As Corn summarized in talking points repeated throughout VMworld appearances,

AppDefense delivers an intent-based security model that focuses on what the applications should do - the known good - rather than what the attackers do - the known bad. We believe it will do for compute, what VMware NSX™ and micro-segmentation did for the network; enable least privilege environments for critical applications.

Other virtualization-enabled security technique

Virtualization and application sandboxes (isolated runtime containers enforced by the OS) are routinely used to secure client systems.

For example, iOS restricts applications and their data to a restricted sandbox directory and are prohibited from accessing system resources except via public system interfaces, a security design that is a key reason why iOS devices are inherently resistant to malware and external attacks.

Client-side virtualization or containerization is deemed so effective a security measure that the NSA now recommends government agencies and business buy smartphones compliant with its Commercial Solutions for Classified Program (CSfC) standards that include iOS 9 and later, Blackberry, Samsung Knox and other platforms.

Bromium, founded by Simon Crosby, developer of the original Xen hypervisor, is the company best known for using virtualization to protect Windows PCs. Its scheme, using so-called micro-VMs that encapsulate and isolate each user-space application or process from the host OS, has proven impervious to attack and is popular with three-letter agencies, financial institutions and other security conscious businesses. Crosby told me that Bromium uses a technique similar to AppDefense's kernel driver to hook into the Windows OS. In fact, the company recently applauded VMware on validating the benefits of virtualization to security writing on its blog,

It’s increasingly clear that virtualization is becoming the new security superstar. Our recent experience at VMworld was wonderful proof as the virtualization community immediately realized the value of the Bromium approach. Bromium uses unique, multi-patented hardware-enforced isolation and least-privilege restrictions on all tasks running within micro-virtualized environments to create high-fidelity, low-exposure endpoints without relying on detection to prevent threats from the kernel on up. Unlike detection, which necessitates a never-ending and unwinnable race between attackers and defenders, virtualization-based security is sustainable for the long term.

My take

I have long believed that system level security by design, whether by OS-enforced app sandboxes or VM host-level introspection and threat mitigation, is the most effective means of endpoint protection.
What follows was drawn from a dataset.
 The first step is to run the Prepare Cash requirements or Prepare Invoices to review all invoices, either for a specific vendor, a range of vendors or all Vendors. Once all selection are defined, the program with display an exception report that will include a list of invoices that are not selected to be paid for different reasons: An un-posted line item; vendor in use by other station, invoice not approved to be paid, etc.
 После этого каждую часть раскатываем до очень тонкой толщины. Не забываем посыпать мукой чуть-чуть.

The industry's sorry collective experience with an escalating set of threats, patches and detection measures has demonstrated the futility of post hoc security measures.

VMware is in a unique position to deliver such system-level security to enterprise applications given its position as the VM platform of choice for so many organizations.

Following on the growing success of NSX as a network security product, AppDefense is a promising extension into the realm of applications and the hypervisor.

Sadly, at VMworld the company provided no details on AppDefense's internal design and implementation, nor were pilot customers available for questioning or comments on implementation experiences. Thus, it's not yet possible to assess how effective AppDefense will be at preventing or limiting security breaches in an actual enterprise setting. These details will no doubt come and show both the product's benefits and limitations. Still, I believe that embedding security within VM runtime and management platform will prove much more effective than the whack-a-mole tactics used to date.